Martin continued to gaze at her as she smoked contentedly. “It’s a puzzle to me,” he confessed. “Aren’t there lots of times when you’re desperate for a cigarette but can’t smoke? Don’t you wish then that you weren’t so addicted?”
“No,” said Anne, firmly, recalling old conversations to the same effect. “I can put up with the cravings for a while if I have to, because I know that when I do get the chance to have a cigarette I’ll enjoy it all the more. I only ever get panicky if I think there’s a risk that I’m going to run out of cigarettes.

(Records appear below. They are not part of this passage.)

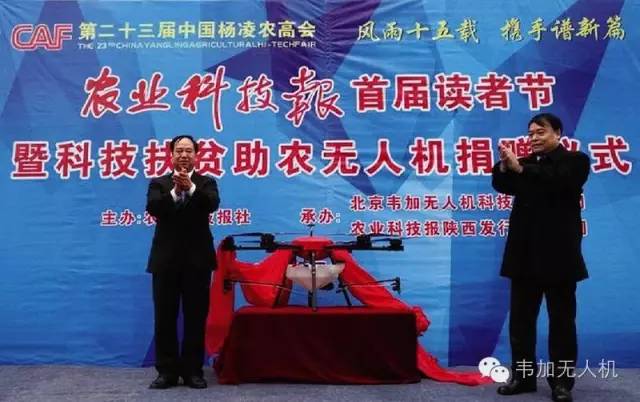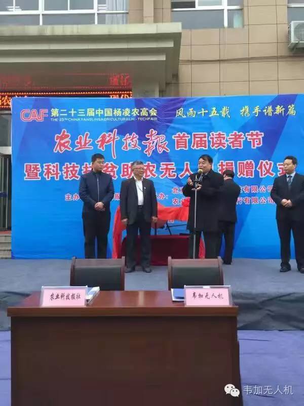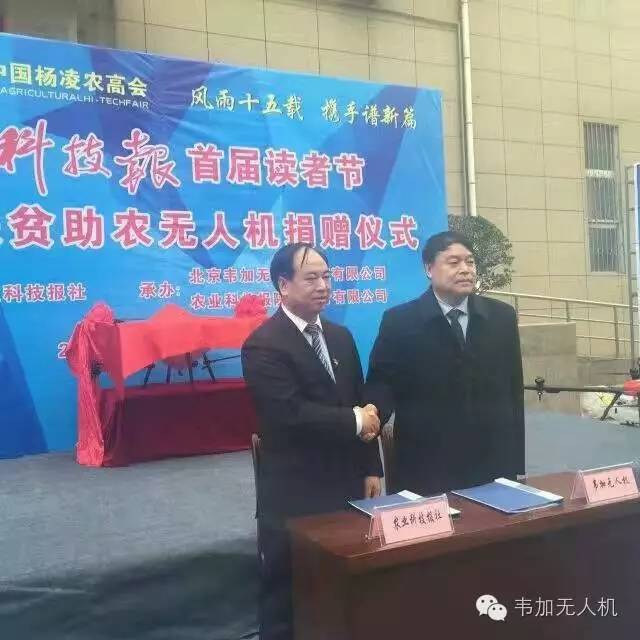 11月6日,在第二十三届中国杨凌农高会上,农业科技报社与北京韦加无人机科技股份有限公司签署《战略合作协议》,公司董事长于保宏出席农业科技报首届读者节暨科技扶贫助农无人机捐赠仪式,韦加股份向报社捐赠一架韦加植保无人机,作为报社科技下乡扶贫工程和植保服务使用。
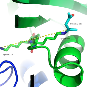 This enzyme has been of particular interest because it is a classic example of how pKa values of ionizable groups in the enzyme active site can be significantly perturbed. Specifically, the pKa value of lysine 115 in the active site is unusually low, allowing for the formation of a Schiff base intermediate and catalysis.[2]
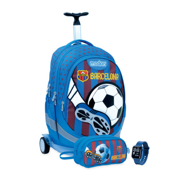 מארז מתנה באריזה מהודרת שכל ילד שעולה לכיתה א' ישמח לקבל. כל מוצרי המארז מעוצבים בעיצוב אחיד וארוזים באריזת מתנה מרשימה. מה מכיל המארז המנצח? תיק אורטופדי מודן air flex bag+ כיסוי נגד גשם מתנה עגלת טרולי איכותית קלמר שני תאים ממותג בעיצוב תואם לתיק שעון דיגיטלי מתנה תיק מודן סמארט טרולי SMART TROLY by modan תיק אורטופדי עם מערכת Air Flex Bag הייחודית שפותחה במודן משולב עם עגלת נשיאה הניתנת להסרה. מאפשרת לתלמיד לשאת את התיק בשלושה אופנים: גרירה על גבי העגלה ייעודית עם גלגלי סיליקון עמידים נשיאה על הגב כאשר העגלה מחוברת לתיק נשיאה של התיק האורטופדי לאחר הסרה פשוטה ומהירה של מערכת העגלה. מערכת Air-flex BAG היא פיתוח ייחודי של חברת מודן והיא משלבת בגב התיק כריות תמיכה מתקדמת בגב הילד, שפותחו במיוחד למטרה זו. מערכת התמיכה, למעשה מפחיתה את רמת העומס על גב הילד הנוצרת כתוצאה ממשקל תכולת התיק ותנועת הילד בהליכה. עגלת הנשיאה מורכבת מתחתית שקופה מפלסטיק קשיח, מוט נשיאה טלסקופי מאלומיניום קל משקל המתכוונן ומאפשר התאמה לגובה הילד וגלגלי סיליקון איכותיים. העגלה ניתנת לפירוק פירוט על התיק: תיק אורטופדי איכותי לבית הספר עם מערכת תמיכה אורטופדית לגב הילד הנותנת תמיכה מלאה לגב הילד בשלושה אזורים חשובים: כתפיים, שכמות וגב תחתון. כתפיות מרופדות תלת שכבתיות העשויות מחומר מאוורר הניתנות להתאמה גם לגובה התיק על גב הילד וגם להתאמת מרחק התיק מהגב. הכתפיות נתפרות בתפירה כפולה המבטיחה את עמידותן בנשיאת התיק תחתית קשיחה המאפשרת את העמדת התיק על הרצפה בצורה יציבה ותורמת לתמיכה תחתונה ולחלוקת משקל טובה. חלוקה ל-3 תאים מרווחים. התא הקדמי עשוי מחומר עם תכונות בידוד טרמי ולכן מתאים לאחסון אוכל. ובנוסף 2 כיסים בצידי התיק לאחסון בקבוקי שתיה. התיק עשוי מבד דוחה מים שמגן מפני חדירת גשם ובנוסף כיסוי נגד גשם מתנה מחזירי אור על גבי התיק לבטיחות התלמיד/ה עפ"י התקן הישראלי. התיק מיוצר מבד איכותי בצפיפות גבוהה (D600) ורוכסנים איכותיים המאפשרים פתיחת וסגירת התאים בקלות.
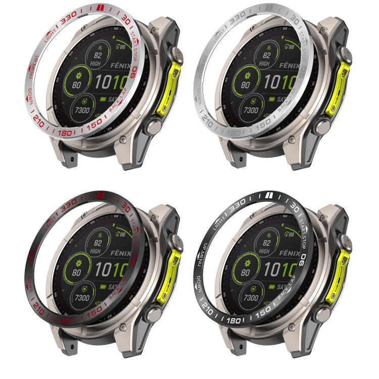 Anillo protector de acero inoxidable para reloj Garmin Tactix 8 Solar de 51 mm (estilo Compete Speed) (negro y blanco)
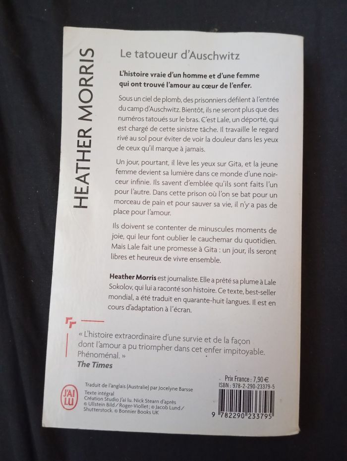 Je vends ce roman "Le tatoueur d'Auschwitz" de Heather Morris. - Titre : Le tatoueur d'Auschwitz - Auteur : Heather Morris - Genre : Autre - Éditeur : J'ai lu Bon état N'hésitez pas à me contacter pour plus d'informations !
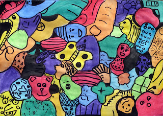 Paint organic shapes on you sheet with different colours. Make sure the whole sheet is full. After drying, take a black fineliner or marker and search for faces, animals or objects in your shapes. Outline them and add details to recognize your object or face!
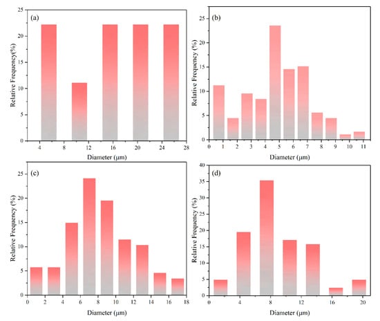 Grain size distribution of Mo2FeB2 hard phases with different RE contents: (a) RE = 0%; (b) RE = 2%; (c) RE = 4% and (d) RE = 8%.
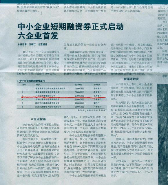 10月9日,中國銀行間市場交易商協(xié)會正式啟動了中小企業(yè)發(fā)行短期融資券試點,我司成為首批發(fā)行短期融資券的6家中小企業(yè)之一,公司從準備申報材料,到獲得注冊通知,僅用了22天時間,預計大約兩周之后,公司就可以拿到發(fā)行短期融資券募集的3700萬元資金,約占公司凈資產(chǎn)的40%。
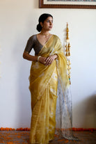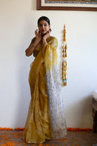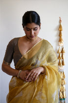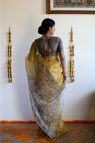 This luminous yellow Bandhani saree is crafted from handloom Kota Doria silk with tissue silk, creating a sheer, glowing drape. The fabric is light yet structured, with a subtle golden undertone that shifts beautifully with movement. The contrasting grey Shibori pallu adds smoky elegance, like sunlight veiled in mist. Finished with zari borders, handmade tassels, and a matching grey blouse.
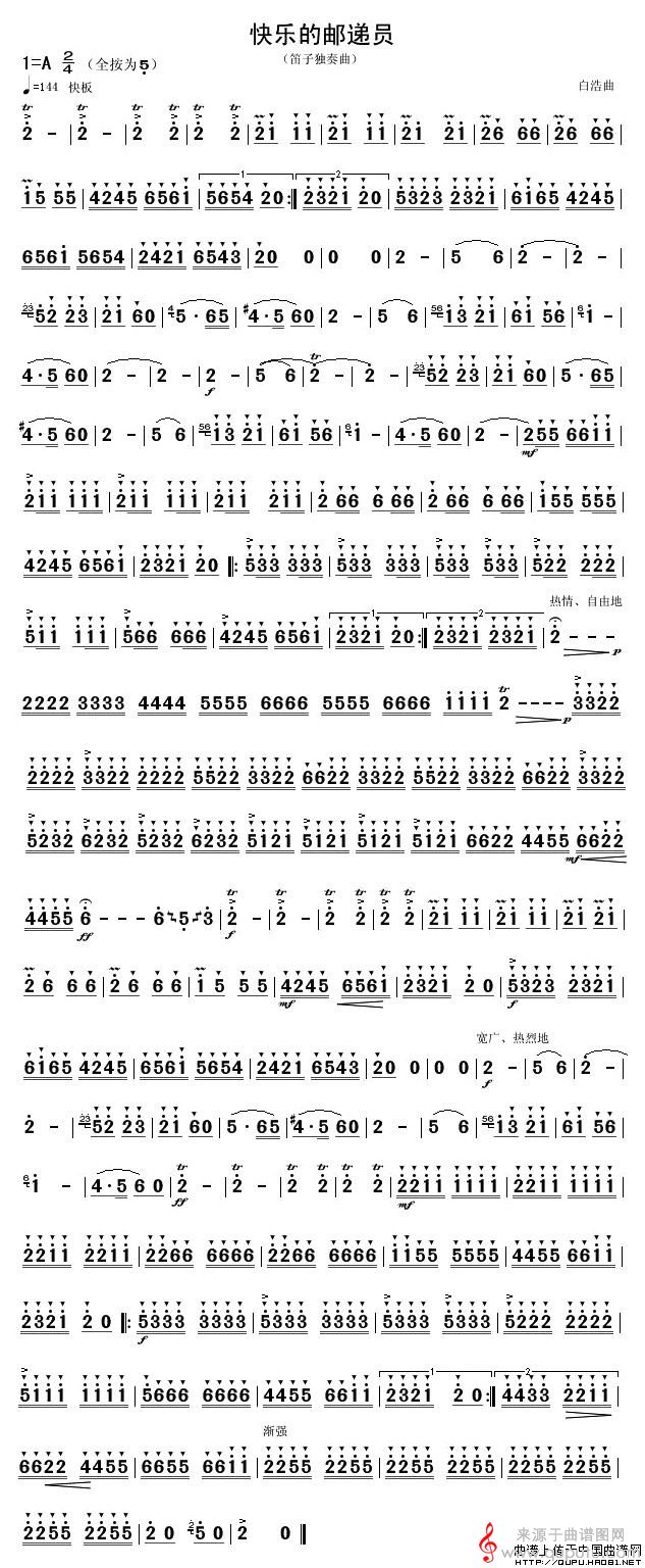 曲谱图网为您提供快乐的邮递员简谱(快乐的邮递员笛子独奏简谱)找谱子,就上曲谱图网。
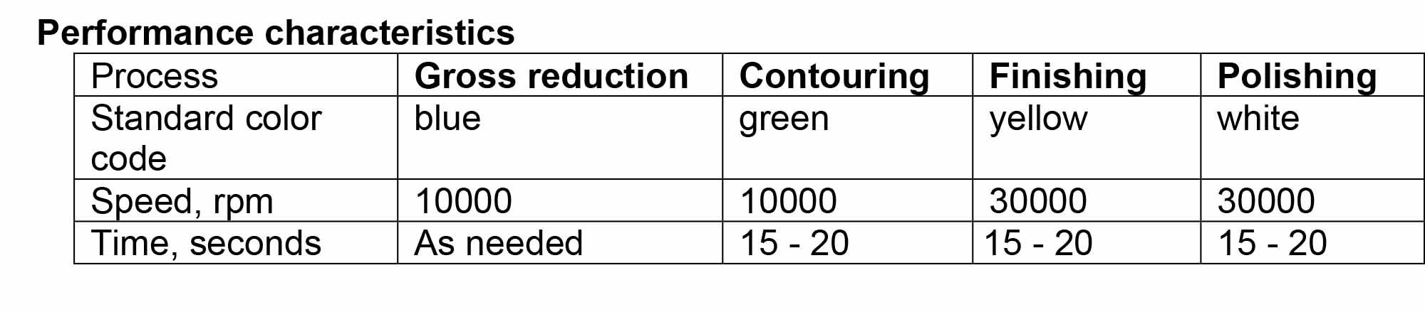 4. Use successively discs of all 4 types - otherwise the quality of restoration polishing may be reduced.
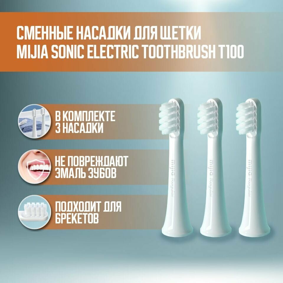 Набор сменных насадок для электрической зубной щётки Xiaomi Mijia Sound Wave Electric Toothbrush T100 3 шт MBS302
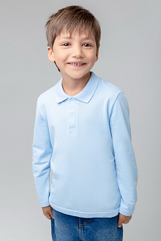 Джемпер поло с длинными рукавами для мальчика из трикотажного  полотна пике. Вязаный воротник. Удобная застежка спереди. По бокам разрезы, обработанные киперной лентой.
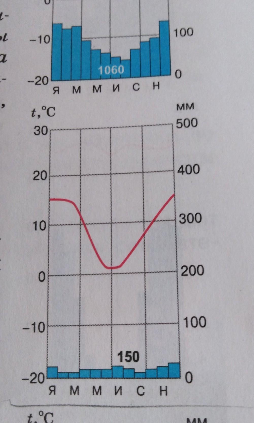 Одинаковое количество осадков и их крайне малое количество говорит о том, что здесь формируется пустыня. На мой взгляд, это где-то на побережье Тихого океана в районе Чили. Там вдоль берега проходит холодное Перуанское течение, поэтому осадков мало.
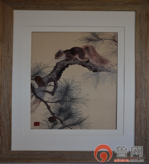 《松鼠图》鲁绣,作者:李银凤,绣时4个月,根据画家王申勇作品再次创作绣制,主要运用施毛针、接针、散套针、松针、旋针、虚针、乱针、放射针、滚针等十多种针法绣制而成。荣获2017——2018年度山东省工艺美术精品奖。2018年中国工艺美术青艺杯铜奖。作品可定制。定制价格18.8万元。

As long as I know I’ve got a supply constantly available, I’m alright.”
“So what about the damage that thirty or forty cigarettes a day for twenty-five years have done to you? Doesn’t that make you wish now that you had never started in the first place?”
Anne shook her head. “You still don’t understand,” she replied, raising her cigarette to her lips for another drag. “You seem to regard damage to health as the card which trumps everything else. I don’t see it that way. Smoking gives me more than it takes away. Sure, there are a lot of things that I can’t do because I smoke too much to be physically capable. But in exchange I get hundreds of moments of pleasure every day.”
She finished her cigarette and, having put it out in the ashtray, looked across at Martin challengingly. “If you’re so keen to understand what it’s all about, don’t you think it’s time you tried it for yourself?”